Mirrors, as we know them today, were born august cousins of that window. In the fourteenth century in Venice, artisans produced them by combining polished crystal with tin and mercury. Enormously expensive, they allowed the posh to get a hi-res idea of themselves; then they became common, witnessing us shaving, putting on makeup, practicing facial expressions. They are not transparent, their only raison d’être is to spit back light, and Rainer Werner Fassbinder loved them like a magpie. (Disco balls in Munich and New York; improvised trays for furiously ingested substances; vanity and illusion, the sound they make when they shatter.) A dark night: the state of self-imposed captivity. An exercise that trades in looping anxiety.
Fassbinder stuffed World on a Wire (1973) with mirrors: a dystopia in which computer-generated individuals live unknowingly in a forged reality, from which the protagonist manages to escape with the help of his beloved in an unexpectedly optimistic ending by the director’s standards. At the beginning of the movie, an overexcited engineer holds a portable mirror and urges a bureaucrat, “What do you see? You are nothing more than the image others have made of you. That’s all.” Hey you, yes you behind that screen—or me for that matter—does that ring a bell?

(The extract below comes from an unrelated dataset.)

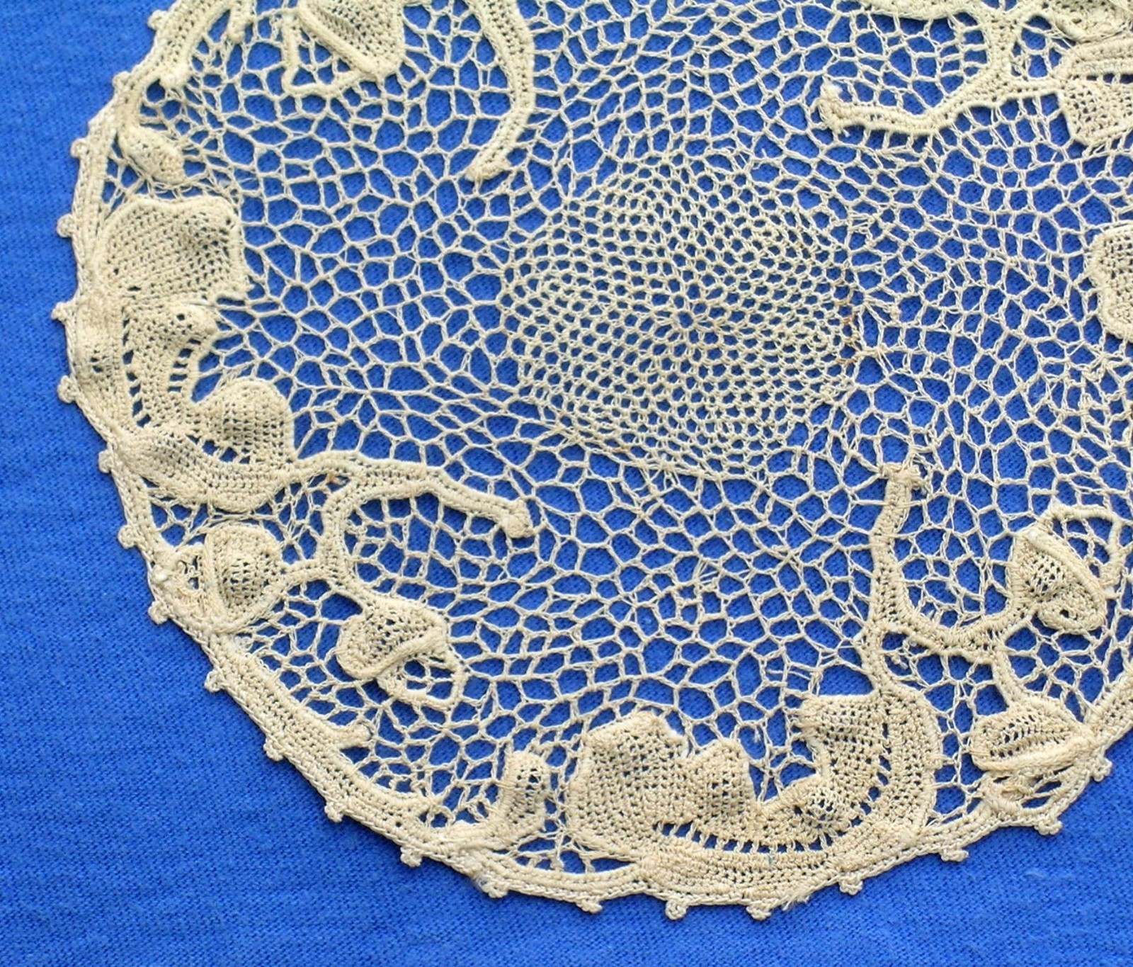 Comments: A collar of Irish Crochet in very good condition. The design is a bit haphazard, with well worked motifs and a little raised work in flower centers. I do like the fillings in the motifs. Picots in the square mesh look like crocheted loops.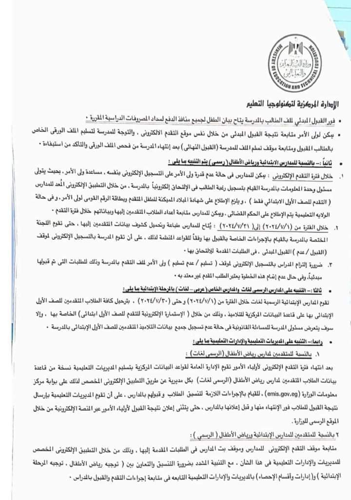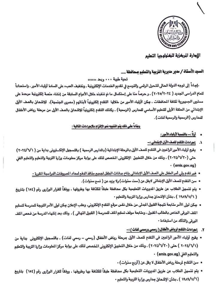 - يقوم أولياء الأمور الراغبين في التقدم للصف الأول بمرحلة رياض الأطفال (رسمي - رسمي لغات)، بالتسجيل الإلكتروني بداية من (٢٠٢٤/٦/١ ) حتى ( ٢٠٢٤/٦/٢٠)، وذلك من خلال التطبيق الإلكتروني المخصص لذلك على بوابة مركز المعلومات وزارة التربية والتعليم والتعليم الفني (emis.gov.eg).

Delia Gonzalez, or her idea of art making, always stems from a desire to design transformations and to shape—however obliquely—her idiosyncrasies. This exhibition is no exception. The minimum aim is an attempt to show that Alice can cross the mirror in either direction if she wants to; to hypothesize the end of this continuous chattering; to argue that this ego—always pampered by endless solicitations, always called upon to take sides, to present itself in an ever-worn party dress—is a Sisyphean condemnation. Get in already! The seals await on the walls, the place resonates. The things you’ll encounter in the rooms are both effigies of the dark night we are trudging through together and passageways to enter a dream we have all had. Not a grandiose dream, just a shared one.
Francesco Tenaglia
Bio
Delia Gonzalez is a Cuban-American artist, musician, and producer working across film, sculpture, drawing, painting, choreography, dance and performance. Gonzalez draws inspiration from a broad range of sources including Afrocuban religion, ancient mythology, Italian architecture, cinema and different mystical traditions. Her works have been exhibited at MIT List Visual Arts Center, USA; Whitney Museum of American Art, NYC; Migros Museum, CH; P.S. 1 Contemporary Art center, NYC; Galleria Fonti, IT & Daniel Reich, NYC. Delia Gonzalez works can be seen in the permanent collections of The Museum of Modern Art (MoMA), USA; MIT List Visual Art Center, USA; Warhol Foundation, USA; Migros Museum, CH; Ernesto Esposito Collection, IT; The Dakis Joannou Collection, GR; The Onassis Foundation, GR; and The Fiorucci Collection, IT.